The annualised charge-off rates on credit card and cash-card loans soared to 14% and 17% respectively in January 2006 from a level of around 6% in recent years. The initial rise in the delinquency rates in the third quarter of 2005 was due mainly to the banks' overly aggressive approach in growing these high-risk portfolios and inadequacies in their credit scoring models. But in Fitch's view, a subsequent worsening of credit quality has been triggered by the government's misguided response to the consumer debt fiasco.
Since December 2005 the government has responded to popular pressure to assist heavily indebted borrowers and penalise lenders. Measures proposed but not yet implemented include caps on interest rates at well below-market levels and a new bankruptcy law focusing mainly on individuals. Measures already implemented include pressure on banks to restructure the loans of heavily indebted borrowers at low interest rates.
The media in Taiwan has also stirred up the popular pressure by running educational stories for heavily-geared customers about how to deal with (or avoid) collection agencies, as well as how to negotiate with banks and use laws for self-protection. Legislators have claimed that some of the credit-card issuers were trying to set traps and make huge profits on unsuspecting customers.

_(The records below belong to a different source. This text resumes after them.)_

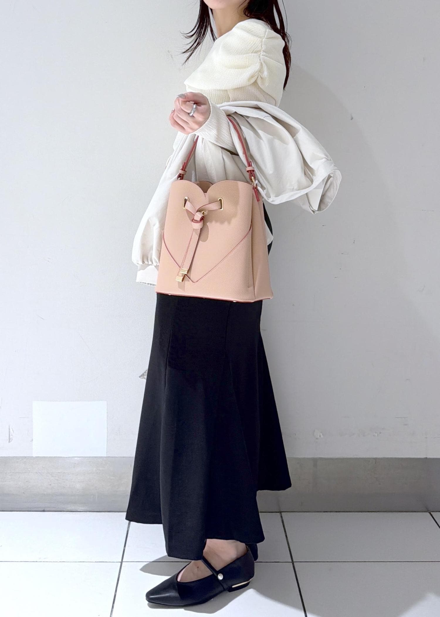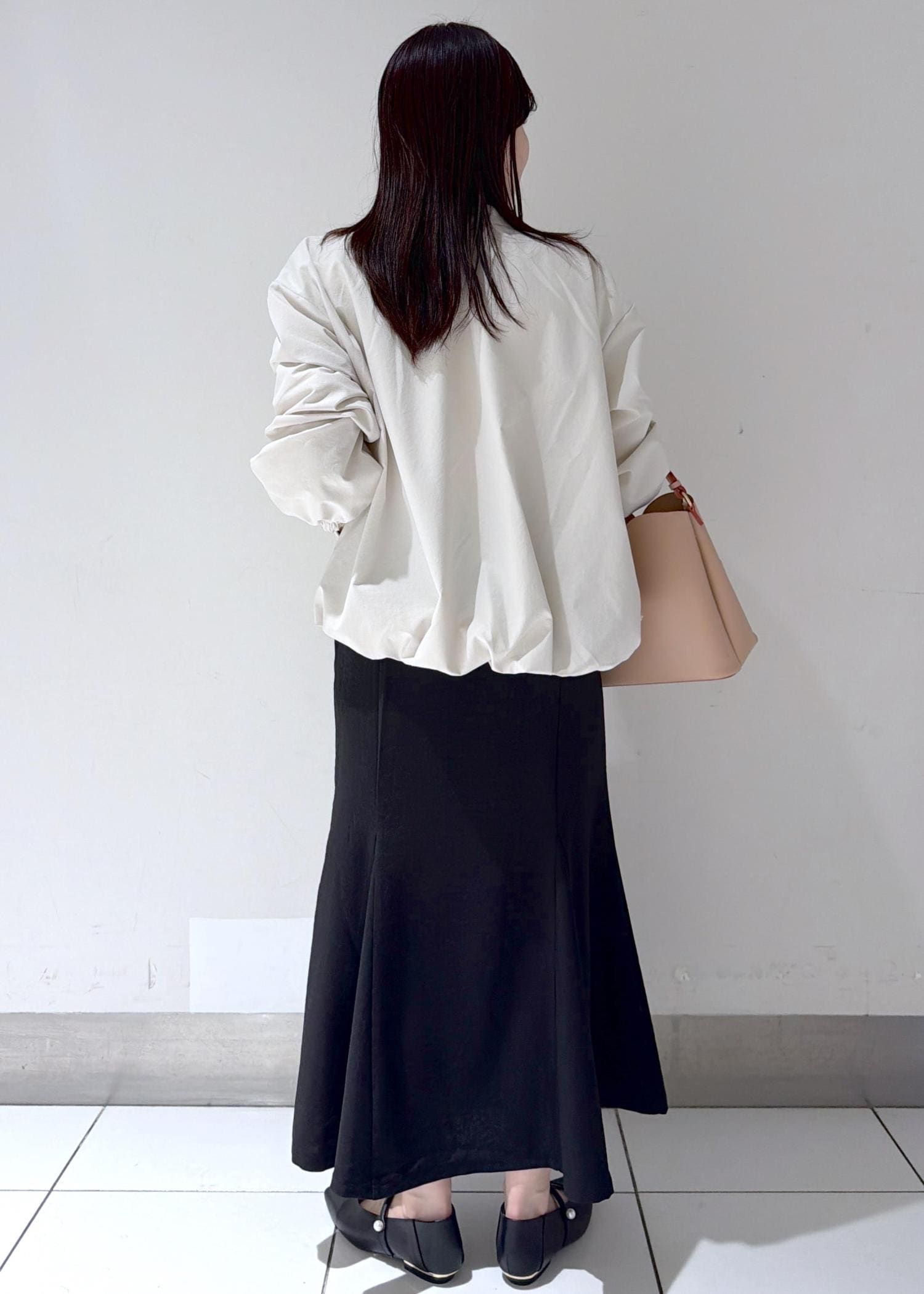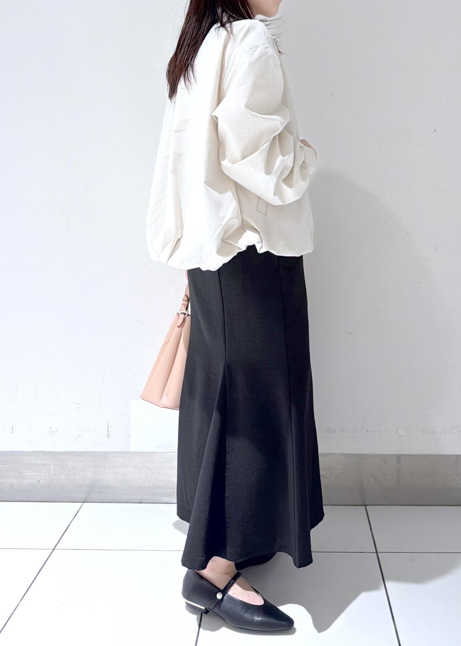 シンプルながら女性らしいシルエットで、カジュアルになりすぎずきれいめに着こなせるスタイリングです☺︎
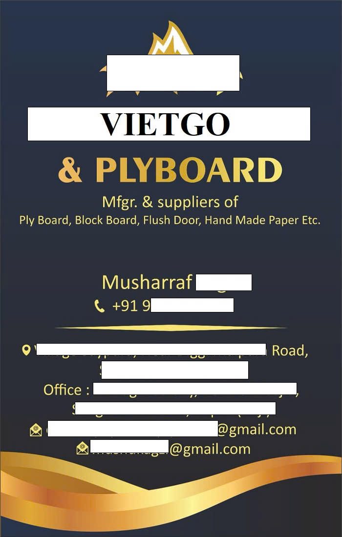 Vừa qua, ông Musharraf, Chủ sở hữu kiêm Giám đốc điều hành của công ty ██████████ đã liên hệ với VIETGO để tìm kiếm nhà cung cấp ván bóc bạch đàn cho dự án của công ty mình.
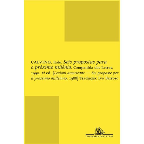 Declaração de ética, mais que de poética, as conferências que Calvino preparou para a Universidade Harvard representam o testamento artístico de um dos protagonistas literários do fim de milênio. Em meio à crise contemporânea da linguagem, cada vez mais aguda, o grande escritor italiano identifica as seis qualidades que apenas a literatura pode salvar - leveza, rapidez, exatidão, visibilidade, multiplicidade, consistência -, virtudes a nortear não apenas a atividade dos escritores mas cada um dos gestos de nossa existência. Feitas de divagações, memórias, trechos autobiográficos, as Seis propostas de Calvino constituem um precioso legado do milênio para as gerações do ano 2000.Prêmio Jabuti 1993 de Melhor Produção Editorial de Obra em Coleção
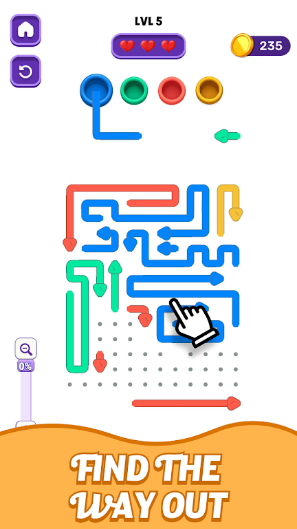 1、逻辑解谜:玩家需引导箭矢进入对应孔洞,通过分析箭矢方向、选择正确进入顺序并避开障碍物来完成关卡,每一关都暗藏精妙图案与挑战,需运用逻辑推理与策略规划解谜。
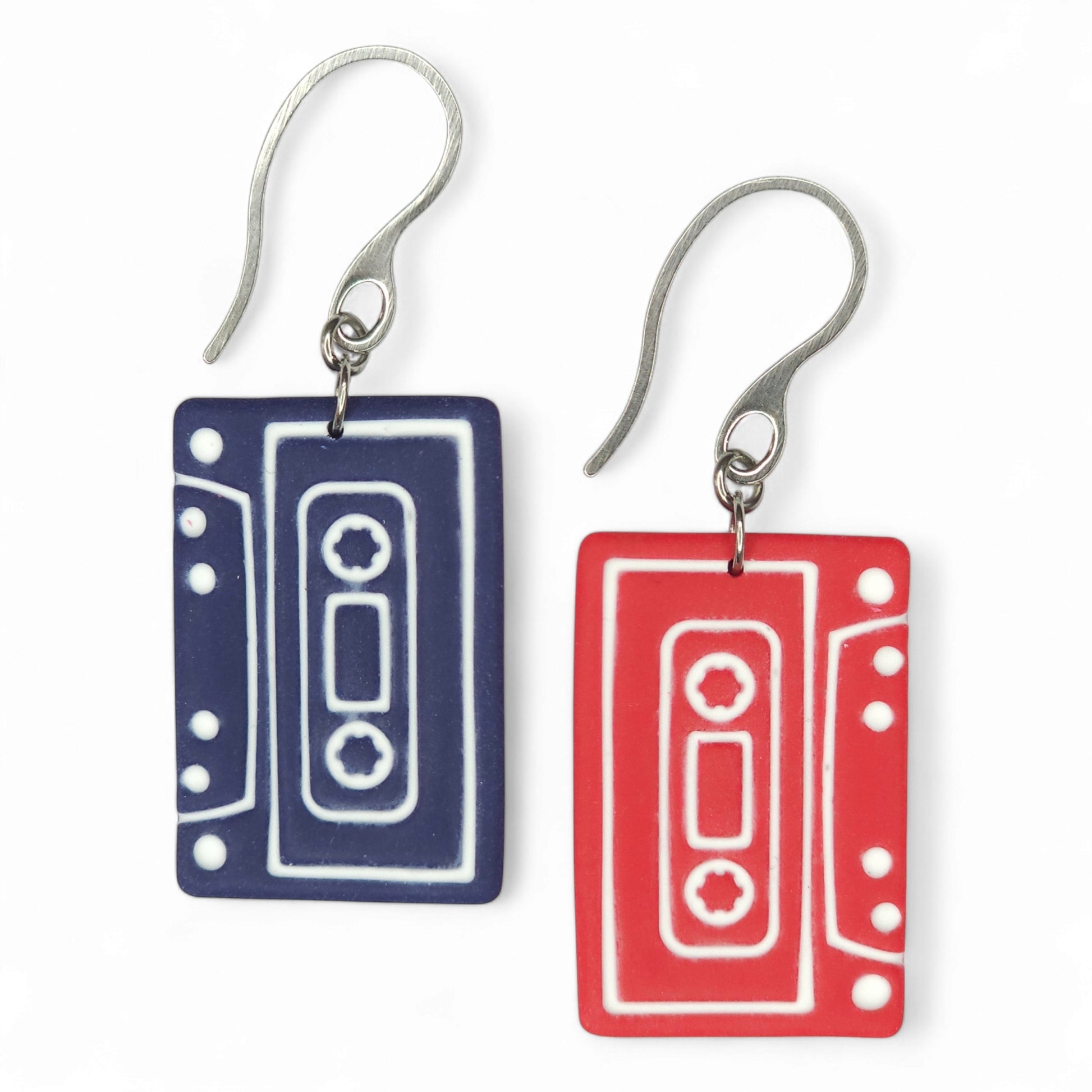 Κρεμαστά σκουλαρίκια κασέτες μία μπλε και μία κόκκινη με λευκές λεπτομέρειες από πολυμερικό πηλό.
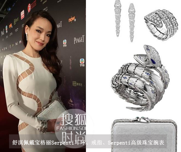 香港金像奖,舒淇以一袭白色礼服搭配宝格丽Serpenti耳环、戒指、Serpenti高级珠宝腕表与同系列晚装包惊艳亮相。Serpenti蜿蜒的曲线与礼服的修身廓形及镂空设计巧妙呼应,完美彰显她的曼妙体态与灵蛇般的迷人魅力。
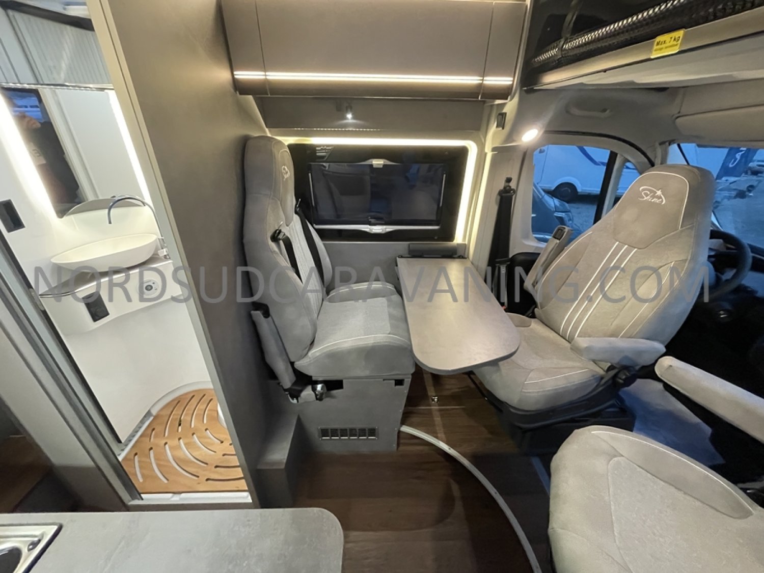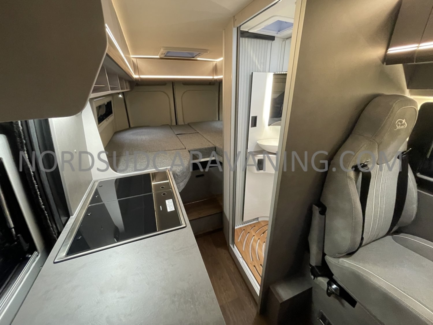 Long de 5.99 mètres, il offre à l’arrière une zone de nuit XXL avec lits jumeaux unifiables.
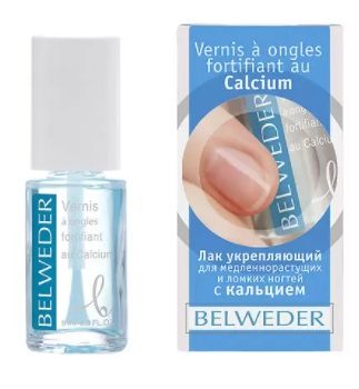 Бельведер лак д/медленнораст. и ломких ногтей укрепл. с кальцием фл. 8мл Латвия. БЕЛЬВЕДЕР лак для ногтей укрепляющий с кальцием для медленнорастущих/ломких помогает устранить хрупкость и ломкость особенно тонких, слабых и медленно растущих ногтей. Лак обеспечивает дополнительную механическую защиту и защиту от окрашивания. Придает ногтям ухоженный, аккуратный вид.

The negative publicity spurred a sense amongst the debtor public that they were not alone and that the longer they waited the better the repayment conditions might get. The upshot: since its establishment last November up intil February, the restructuring conciliation board had received a mere 11,000 debt-restructuring applications while more than 400,000 customers have defaulted on their loans for more than three months.
Fitch notes that the deterioration in the quality of Taiwan's consumer loans which began in mid-2005, was sharper and more sudden than expected, given the lenders' access to Taiwan's comprehensive consumer credit bureau. It highlights how overly-aggressive credit extension, market competition and inappropriate regulatory intervention can increase instability in banking systemse even with reasonably good risk management infrastructures.
"It is difficult to quantify the repercussions caused by the moral hazard problem. Fitch is concerned that, if not curbed, it may spread beyond card lending to contaminate the quality of other forms of consumer lending. Provided it does not spread to other areas, especially mortgage lending, the agency believes the extent of the ongoing credit card and cash-card debacles is manageable by the system as a whole," says Lee.
Fitch has conducted stress tests to analyse the effect on capital for all banks issuing credit cards and cash cards as well as the system as a whole. Fitch found that in a severe loss scenario (20% and 30% loss assumptions for credit-card receivables and cash-card loans respectively) the system would suffer a 100 basis point decline in its aggregate Tier 1 ratio to a still adequate 8.4%. However, the effects are unevenly distributed across banks with the more heavily exposed banks suffering the most.